Al día siguiente, pedí permiso en el trabajo para llevar a Valeria al hospital. Doña Graciela puso los ojos en blanco cuando le expliqué la situación.

—Camila, entiéndeme… aquí todos tenemos problemas personales. Pero si sigues faltando así, tendré que buscar a alguien más responsable —dijo con voz fría.

Sentí un nudo en la garganta. ¿Cómo elegir entre mi hija y mi trabajo? ¿Por qué siempre tenía que sacrificar algo?

En la sala de espera del hospital público, rodeada de madres con historias parecidas a la mía, escuché fragmentos de conversaciones:

—Mi esposo se fue hace dos años…

—Trabajo limpiando casas y no me alcanza…

—Mi mamá dice que todo es culpa mía…

Me sentí menos sola pero más triste. ¿Por qué nos culpaban siempre a nosotras?

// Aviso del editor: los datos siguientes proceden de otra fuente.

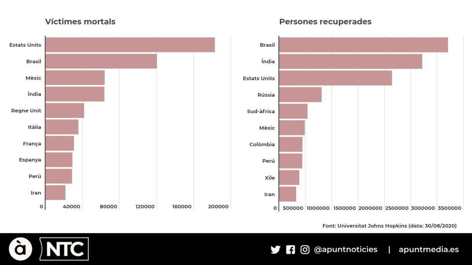 Quant al còmput global de morts, se n’han registrat més de 840.000. El 22% han ocorregut als Estats Units, on el nombre de morts supera les 180.000. El Brasil és, de nou, el segon país amb més defuncions registrades, amb més de 120.000. Mèxic i l’Índia, els següents països de la llista, ja sumen més de 63.000 morts.
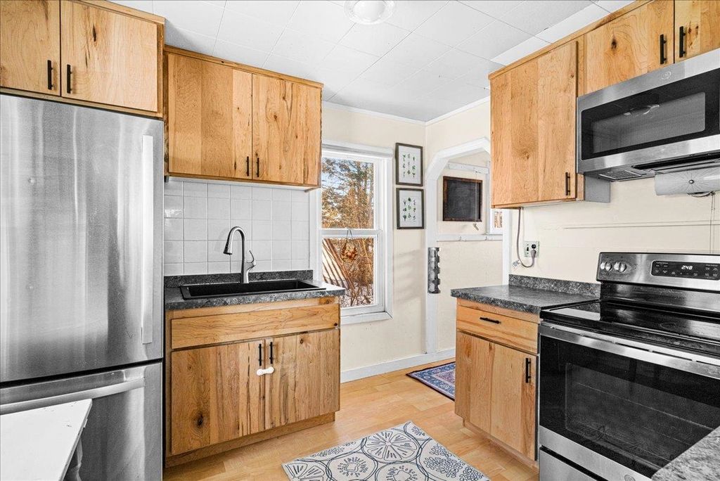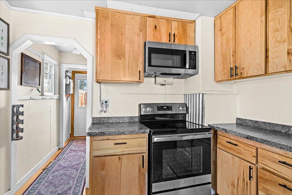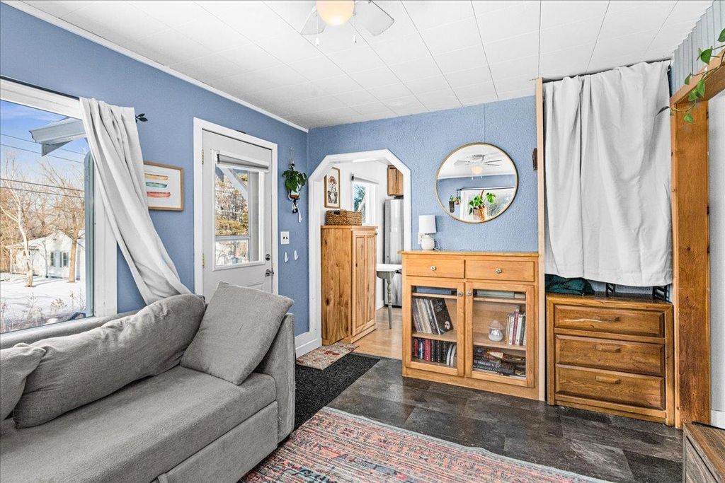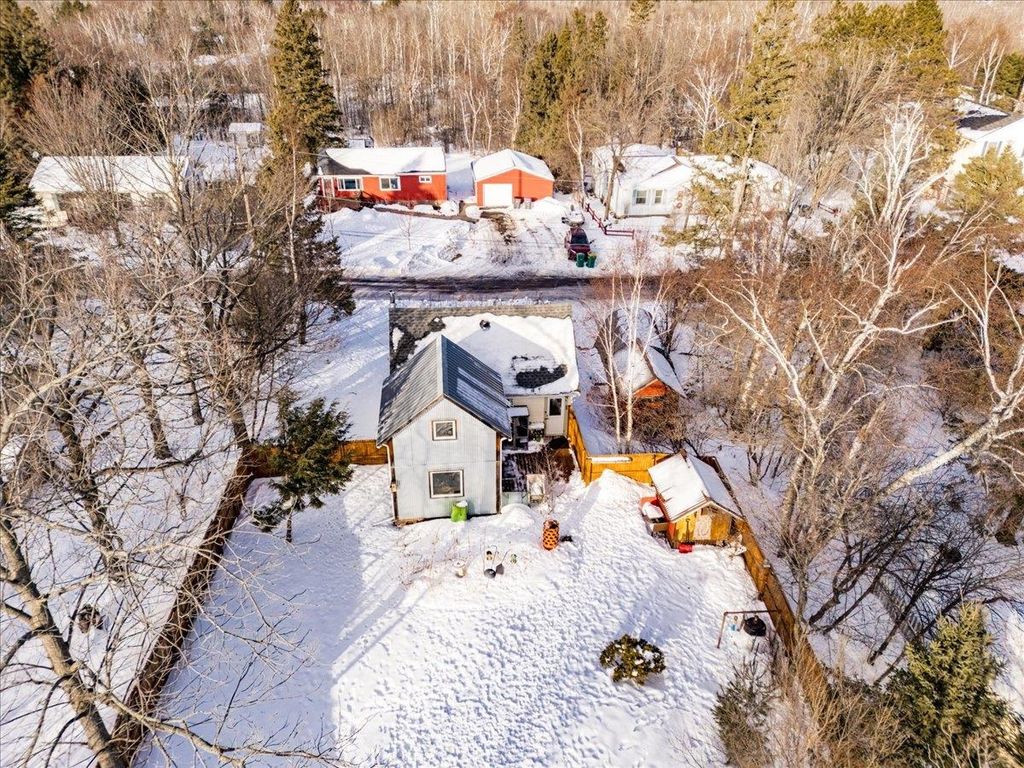A sharply updated 2 bedroom, 1 bathroom home in Woodland, sitting on a massive .47 acre fully fenced yard. This property has been upgraded with a completely remodeled kitchen, foundation parging, a new carport cover, updated fencing, outdoor lighting, select windows and doors, and a basement toilet newly installed. The main level features a bright kitchen, living room, bedroom, den, and bathroom. Upstairs you'll find a flexible bonus space ideal as another bedroom, office, or creative retreat. The unfinished basement provides excellent storage, a dedicated laundry area, and a head start on a second bathroom. Step outside to a large deck overlooking the fenced yard, a carport and 2 storage sheds. This is a cozy, move in ready home, opportunities like this do not last long!

Valeria tenía una infección viral; nada grave según el médico, pero debía quedarse en casa unos días más. Al volver al apartamento, encontré a mi madre empacando su maleta.

—¿Te vas? —pregunté sorprendida.

—No puedo seguir aquí viendo cómo te destruyes —dijo ella—. No escuchas consejos. No aceptas ayuda verdadera. Te crees muy fuerte pero estás sola.

La vi salir sin mirar atrás. Sentí alivio y tristeza al mismo tiempo. Ahora sí estaba sola de verdad.

Esa noche me senté junto a Valeria y le conté un cuento inventado sobre una princesa valiente que luchaba contra dragones invisibles. Mientras hablaba, entendí que yo era esa princesa y mis dragones eran la culpa, el miedo y las expectativas ajenas.

Al día siguiente fui al trabajo con la cabeza alta. Pedí hablar con doña Graciela:

—Necesito flexibilidad para cuidar a mi hija —le dije—. Si no es posible aquí, buscaré otro lugar donde entiendan lo que significa ser madre sola.

Ella me miró sorprendida pero no dijo nada por unos segundos.

—Veré qué puedo hacer —respondió finalmente.

Salí de su oficina temblando pero orgullosa. Por primera vez sentí que estaba tomando las riendas de mi vida.

Ahora escribo estas líneas mientras Valeria duerme tranquila a mi lado. Mi mamá no ha llamado desde que se fue; tal vez algún día entienda mis decisiones o tal vez no. Pero hoy sé que no soy menos por criar sola a mi hija ni por pedir ayuda cuando la necesito.

¿Hasta cuándo vamos a cargar con culpas que no nos pertenecen? ¿Cuántas mujeres más tendrán que elegir entre ser buenas madres o buenas trabajadoras? Ojalá algún día podamos ser simplemente mujeres valientes viviendo nuestra verdad.